Applied AI
Customers

How Genentech extracted information for clinical trial analytics with Snorkel Flow

February 26, 2022
3 min read

Genentech, a global biotech leader and member of the Roche Group, leveraged Snorkel Flow to extract critical information from lengthy clinical trial protocol (CTP) pdf documents. They built AI applications that used NER, entity linking, text extraction, and classification models to determine inclusion/ exclusion criteria and to analyze Schedules of Assessments. Genentech’s team achieved 95-99% model accuracy by using Snorkel Flow.

Unlocking the value of clinical trial protocol data

Scientists at Genentech and other life sciences companies write and perform thousands of Clinical Trial Protocols (CTPs) every year. These CTPs are complex documents that describe the plan for a clinical trial, including the objectives, the methodologies, and the population for the trial. There’s a lot of useful information in these CTPs that study design teams can reuse to reduce trial times and costs, increase recruitment of diverse patient populations and reduce the dropout rate of patients in a trial. If study teams have access to this data, their net outcome is a reduction in cost for drug development.

Clinical Trial Protocol (CTP) pdf documents

Genentech replaced months of manual data labeling using Snorkel Flow

Genentech started by using Snorkel Flow to build an AI application to extract 21 CMS Chronic Condition Entities from internal and external clinical trial protocols. Their application consisted of a named entity recognition NER model, an entity linking model, and a rules-based relationship extractor. Genentech leveraged programmatic labeling and a data-centric AI development approach to yield accurate inclusion-exclusion criteria that clinical scientists and study design teams used for analysis and data-informed protocol design.

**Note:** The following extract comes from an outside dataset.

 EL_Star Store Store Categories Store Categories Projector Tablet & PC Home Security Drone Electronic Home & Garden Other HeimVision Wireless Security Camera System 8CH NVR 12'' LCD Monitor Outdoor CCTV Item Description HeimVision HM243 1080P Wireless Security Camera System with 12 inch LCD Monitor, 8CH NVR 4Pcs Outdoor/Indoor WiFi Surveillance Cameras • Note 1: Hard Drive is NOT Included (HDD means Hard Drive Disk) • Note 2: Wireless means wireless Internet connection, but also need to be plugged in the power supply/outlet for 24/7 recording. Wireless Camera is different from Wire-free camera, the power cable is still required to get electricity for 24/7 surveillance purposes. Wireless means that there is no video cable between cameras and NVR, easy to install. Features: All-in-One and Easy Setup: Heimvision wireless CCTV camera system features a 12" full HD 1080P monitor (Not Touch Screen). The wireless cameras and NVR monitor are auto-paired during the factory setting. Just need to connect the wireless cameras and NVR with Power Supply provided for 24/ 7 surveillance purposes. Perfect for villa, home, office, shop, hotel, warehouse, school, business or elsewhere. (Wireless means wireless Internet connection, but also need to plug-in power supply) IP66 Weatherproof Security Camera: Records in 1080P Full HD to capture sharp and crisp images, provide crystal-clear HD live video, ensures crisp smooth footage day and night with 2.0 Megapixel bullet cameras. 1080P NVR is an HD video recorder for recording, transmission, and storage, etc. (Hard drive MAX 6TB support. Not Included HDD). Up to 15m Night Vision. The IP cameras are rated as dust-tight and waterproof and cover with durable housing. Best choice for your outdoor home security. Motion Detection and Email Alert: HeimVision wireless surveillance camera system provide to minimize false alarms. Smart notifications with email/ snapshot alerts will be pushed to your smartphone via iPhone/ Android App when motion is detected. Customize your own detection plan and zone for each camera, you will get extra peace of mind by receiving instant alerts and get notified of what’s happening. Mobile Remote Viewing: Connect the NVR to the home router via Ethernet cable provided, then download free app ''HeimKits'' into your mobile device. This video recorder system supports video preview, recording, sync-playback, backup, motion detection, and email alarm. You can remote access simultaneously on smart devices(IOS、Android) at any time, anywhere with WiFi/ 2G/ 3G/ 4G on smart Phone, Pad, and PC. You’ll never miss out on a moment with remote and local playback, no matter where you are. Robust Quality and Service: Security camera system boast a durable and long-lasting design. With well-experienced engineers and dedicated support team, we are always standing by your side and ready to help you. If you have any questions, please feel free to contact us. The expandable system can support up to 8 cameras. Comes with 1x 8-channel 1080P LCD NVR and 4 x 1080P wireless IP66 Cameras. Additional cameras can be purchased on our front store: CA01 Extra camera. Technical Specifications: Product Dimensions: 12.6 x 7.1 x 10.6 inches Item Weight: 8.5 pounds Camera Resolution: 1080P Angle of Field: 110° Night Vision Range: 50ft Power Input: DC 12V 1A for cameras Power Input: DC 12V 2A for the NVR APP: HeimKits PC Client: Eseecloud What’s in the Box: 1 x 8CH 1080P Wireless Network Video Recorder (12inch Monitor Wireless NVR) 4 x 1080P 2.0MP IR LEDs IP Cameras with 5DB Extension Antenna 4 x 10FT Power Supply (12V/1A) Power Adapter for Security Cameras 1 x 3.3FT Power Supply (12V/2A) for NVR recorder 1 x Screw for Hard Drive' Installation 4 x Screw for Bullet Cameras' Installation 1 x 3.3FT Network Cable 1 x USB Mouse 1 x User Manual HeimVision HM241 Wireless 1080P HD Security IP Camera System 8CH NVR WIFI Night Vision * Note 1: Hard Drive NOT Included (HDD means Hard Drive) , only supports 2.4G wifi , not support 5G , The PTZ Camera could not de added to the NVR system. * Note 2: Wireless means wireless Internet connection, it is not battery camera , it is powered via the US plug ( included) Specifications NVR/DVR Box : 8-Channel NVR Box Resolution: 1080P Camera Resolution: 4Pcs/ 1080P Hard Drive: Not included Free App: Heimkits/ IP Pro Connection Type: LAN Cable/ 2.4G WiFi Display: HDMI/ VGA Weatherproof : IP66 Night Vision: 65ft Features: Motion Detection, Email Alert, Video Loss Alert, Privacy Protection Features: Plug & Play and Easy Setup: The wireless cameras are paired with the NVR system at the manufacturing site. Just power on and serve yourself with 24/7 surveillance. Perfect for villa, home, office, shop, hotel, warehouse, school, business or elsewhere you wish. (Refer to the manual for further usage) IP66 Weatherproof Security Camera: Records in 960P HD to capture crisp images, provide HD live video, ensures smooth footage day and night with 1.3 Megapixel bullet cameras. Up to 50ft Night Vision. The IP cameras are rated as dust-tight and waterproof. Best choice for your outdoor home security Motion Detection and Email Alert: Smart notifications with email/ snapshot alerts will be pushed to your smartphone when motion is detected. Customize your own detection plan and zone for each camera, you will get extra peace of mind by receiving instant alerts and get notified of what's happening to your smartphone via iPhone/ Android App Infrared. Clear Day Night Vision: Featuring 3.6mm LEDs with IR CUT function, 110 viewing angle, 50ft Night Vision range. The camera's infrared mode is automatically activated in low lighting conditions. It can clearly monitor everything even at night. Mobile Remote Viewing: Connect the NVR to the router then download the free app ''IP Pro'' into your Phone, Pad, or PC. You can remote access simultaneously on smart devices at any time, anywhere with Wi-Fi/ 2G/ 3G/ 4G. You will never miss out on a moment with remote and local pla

Inclusion/exclusion (I/E) criteria AI application pipeline

The data science team at Genentech built their end-to-end application pipeline in a few weeks achieving 98% accuracy with the help of Snorkel’s guided error analysis.

Snorkel Flow made the [clinical trial analytics] pipeline development adrag and drop experience. Michael DAndrea, Principal Data Scientist, Genentech

Genentech also used Snorkel Flow to build an AI application that estimated participant burden from CTPs. Their AI application identified and extracted procedure names from Schedule of Assessment tables and classified them into one of 8 categories. Since their data was labeled programmatically by Snorkel Flow, they were able to quickly adapt to changes in their label schema. The output data was used to harmonize terminology for clinical trial protocols across the organization.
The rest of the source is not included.